Magic Yellow Jumpsuit - An Interview With The Polish Ambassador

in

The Polish Ambassador composes music that is a pleasure for your ears and a sensory experience for your mind and body. He has been compared to many top electronic artists as having an irresistibly danceable beat, and that is spot on…his music is fun, and catchy, and downright awesome.

I dunno, there may just be something magical in that yellow jumpsuit he wears. I asked TPA a variety of weird questions, and he, in turn, gave me a variety of surreal answers. So, check out his music, read this, and then check out more of his music.

Interview by Peggy Mintun

-
What has been your favorite spot on Earth to visit…and why?
Hmmm, I’ve been to so many wonderful places on this planet, but if you must put your journalistic uzi to my head, I confess that my homeboy Murphy’s basement is my favorite place. The faux wood panelling and the water color wallpaper that his mom painted herself are very comforting. Murphy’s mom also brings us plenty of mini pizza bagels and is none the wiser that we’re always smoking weed down there.
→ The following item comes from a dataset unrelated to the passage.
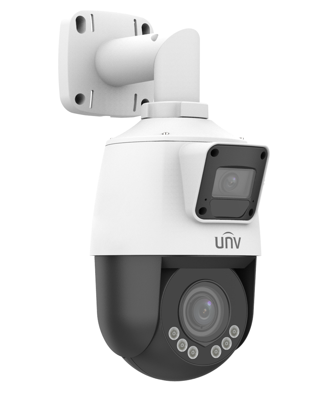 Видеокамера IP двухсенсорная Мини-PTZ, 1/2.8''CMOS, 2Мп(1920*1080) @25к/с, 2.8мм(обзорная камера)/2.8~120мм(поворотная камера) моторизованный объектив с автофокусировкой, 4X оптический зум, LightHunter 0.002 Лк @F1.6, ИК-подсветка до 10м (обзорная камера), ИК-подсветка до 50м (поворотная камера), LED-подсветка до 10м (поворотная камера), 120дБ WDR, 2D/3D DNR, Ultra 265|H.265|H.264|MJPEG, 2 потока, 2 встроенных микрофона, встроенный динамик, DC12V, PoE+(IEEE 802.3at), поддержка Micro SD карт памяти до 512 Гбайт, диапазон панорамирования 0° ~ 345°, диапозон наклона -10° ~ 100°, кнопка сброса, IP66, -30°C~60°C

What sorts of things influence your music, and are they mostly tangible or intangible?
An infinite number of things influence my music. One of the main things being infinancy. No, I didn’t say, “infancy”, which is inspiring in it’s own. I love babies in all forms. My favorite being newborn Pugapoos, but that’s not what I’m talking about. I’m talking about “infinancy”. It’s one of the only things that is simultaneously tangible AND intangible. For instance, you can count forever. Or you can see with your own eyes how two parallel straight lines will never meet. Yet in order to fully understand the reality of that which is infinite you can only see it in your mind. Does that get you gassed as much as it does me?

Nice jumpsuit. Why yellow?
Yellow is the color of eternal peace, understanding, and happiness. Duh.

Do you prefer a Hollywood blockbuster film or a pseudo-intellectual
independent film?

My favortie movie of all time is Con Air. I think that answers that one.

Who inspired your last release, I Found Him. Now I Must Kill Him.?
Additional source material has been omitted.